Table 8 Results of comparing relative efficiency scores calculated based on the TCMs via Mann–Whitney test

Full size table

Scale heterogeneity (scalability)

We compare the original efficiency of a follower with the efficiency scores of its leader (based on the actual inputs and the simulated outputs by the TCM of the follower). Results are reported in Table 8. In the case of Clusters 1 and 2, the distributions of the initial efficiency score of the follower (${C}_{2}$) and the distributions of the efficiency score calculated based on ${TCM}_{2}$ for the leader (${C}_{1}^{TC{M}_{2}}$) are compared. Since ${C}_{1}^{TC{M}_{2}}$ is greater than ${C}_{2}$, Cluster 1 remains the leader of Cluster 2. Thus, scale heterogeneity partially explains the difference in relative efficiencies between Clusters 1 and 2. For Cluster 3, the other follower of Cluster 1, similar results can be observed (${C}_{3}<{C}_{1}^{TC{M}_{3}}$). Overall, there is no case in which the relative efficiency score of the leader is smaller than the relative efficiency score of the follower. There is no case in which the new relative efficiency scores of a leader are stochastically lower than those of the follower. In this way, we can argue that a part of the reason for the disparities between the relative efficiency scores of followers and leaders is scale heterogeneity. This indicates that in the German hospital market, despite the less efficient process of TCM (i.e., follower), the leading hospitals are relatively more efficient than the following ones.

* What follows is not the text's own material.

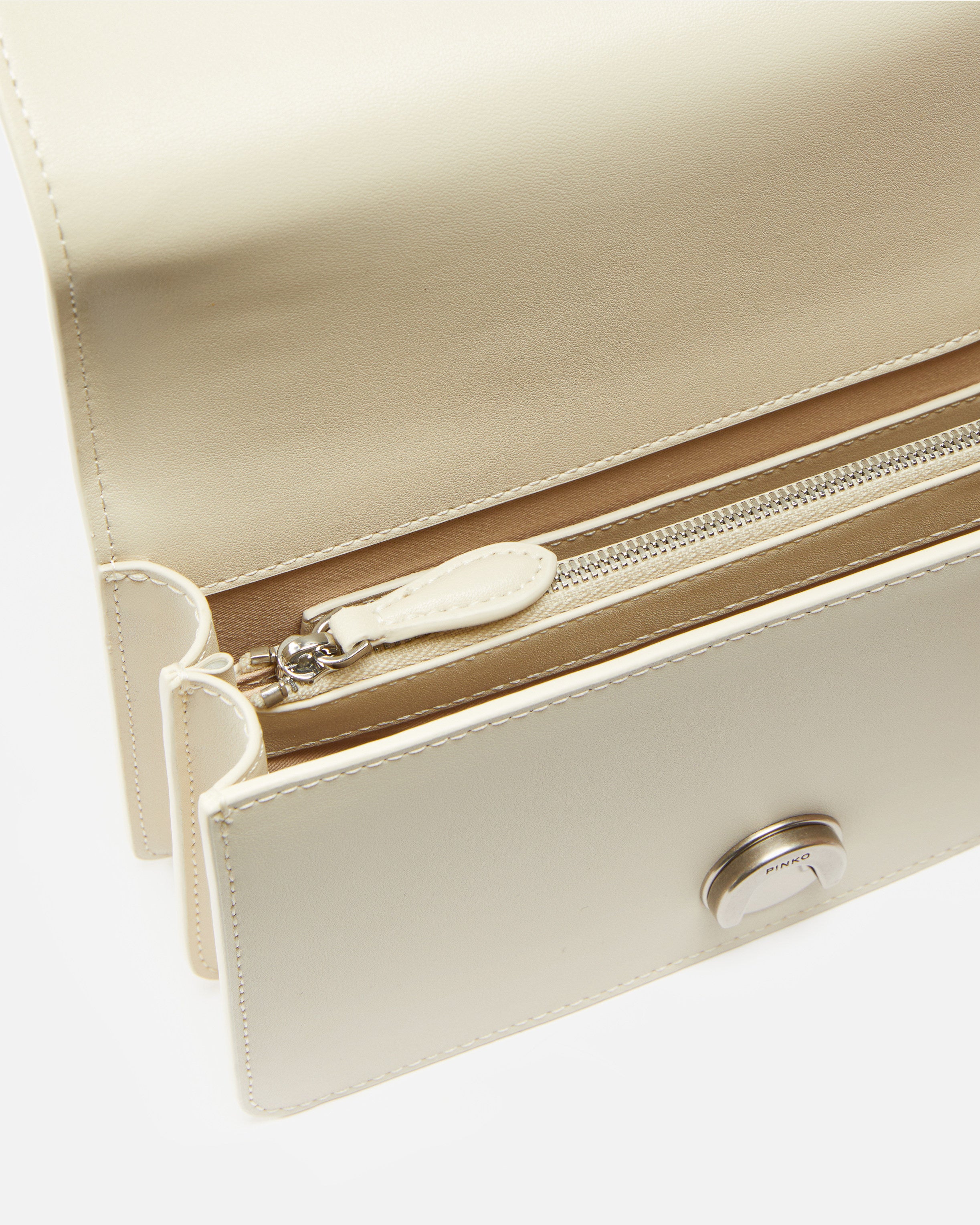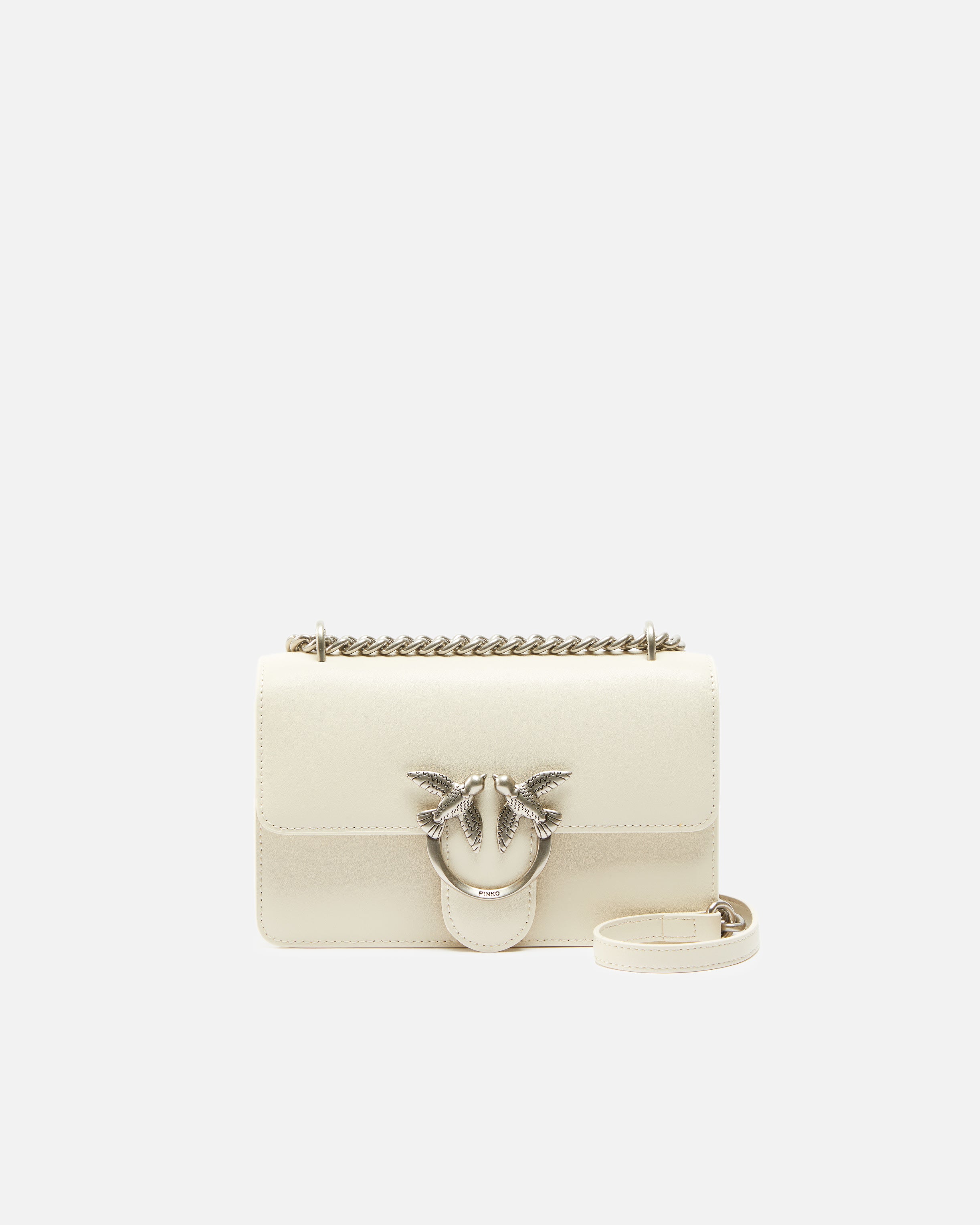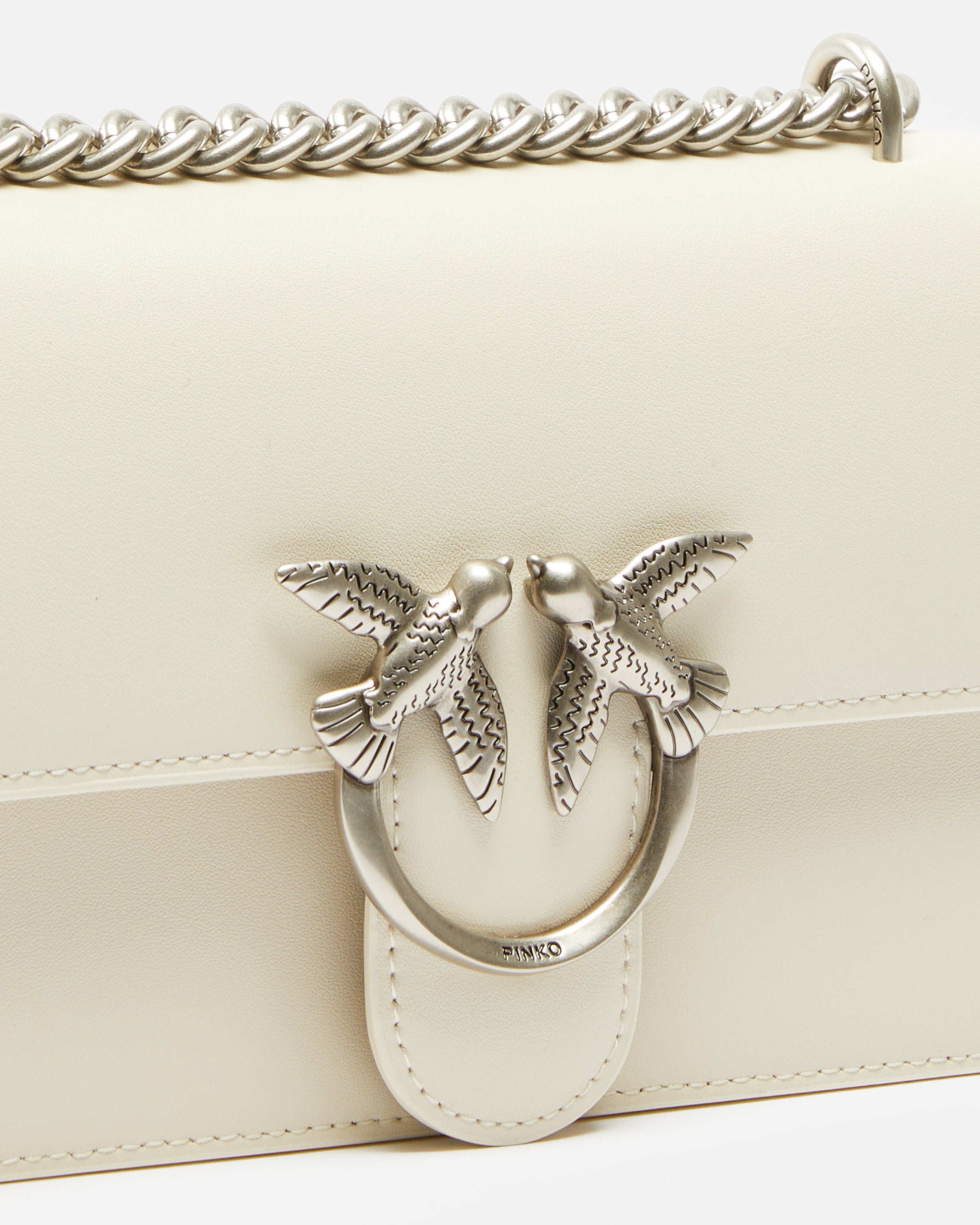 Mini Love Bag One in morbida pelle mano seta. La chiusura è completata dall'iconica fibbia in metallo Love Birds Diamond Cut in metallo. L'interno è foderato in microfibra scamosciata e comprende tramezza chiusa con zip e tasca a parete in pelle. La tracolla combina la classica catena rotonda al pratico spallaccio in pelle regolabile.

5.3.2 Results of Best Practice Analysis

Similar to the first procedure, our next step is to find the best settings for the newly designed MLP-ANNs (i.e., BPMs) for our best practice analysis of hospitals. The performance measure of the trained BPMs is reported in Table 9. In each case, a low MAPE indicates a good fit and generalizability.

Table 9 Best settings of the designed MLP-ANNs for best practice analysis

Full size table

The frontier function can be viewed as the upper limit of the support of the density of hospitals in the input and output space. On the efficient frontier, concavity and monotonicity assumptions are assumed to be preserved by DMUs. However, the bootstrapped estimates do not necessarily preserve the concave monotone increasing condition. As a result, BPMs are trained based on the SBM DEA estimates where concave monotonic properties of the efficient frontier are preserved (Pendharkar 2005, 2011; Kwon 2017).

To elaborate, we look at one inefficient hospital in Cluster 2, for instance, which has an efficiency score of 0.7422. The SBM DEA projections suggest reducing the number of beds by 27%, physicians by 21%, and nurses by 24%. In terms of output, the projection calls for increasing the number of outpatients by 16%, adjusted inpatients by 5%, and surgeries by 887%, which sounds unrealistic. It is now necessary for the management of this hospital to have a list of possible improvement scenarios that determine what efficiency level can be achieved by using a given level of inputs to provide a given level of outputs. Re-running the DEA for every scenario setting is one option. If, however, we want to keep the PPS unchanged, we cannot consider scenarios with lower reduction rates than those predicted by input projections or higher expansion rates than those set by output projections. By reducing beds by 35% and keeping the remaining factors unchanged, DEA might form a new PPS according to the new data. However, the designed BPM of Cluster 2 ($BP{M}_{2}$) can predict the desired level of this hospital’s best performance in any setting without concern over creating a new efficient frontier. Table 10 presents the estimation results on possible improvement scenarios for this hospital and shows the projected efficiency increase that can be achieved by decreasing inputs and/or increasing outputs. As we can see from Scenario 7, the management of the hospital under study does not have to follow the projections derived from the DEA (e.g., unrealistic increasing the number of surgeries by about 900%) to become efficient in the peer group. Compared to SBM projections, these changes sound more realistic and applicable. For varying input levels, the proposed approach can support managers in setting optimal levels of outputs (e.g., the number of adjusted inpatients or outpatients). The same analysis and investigation can be applied to every other inefficient hospital.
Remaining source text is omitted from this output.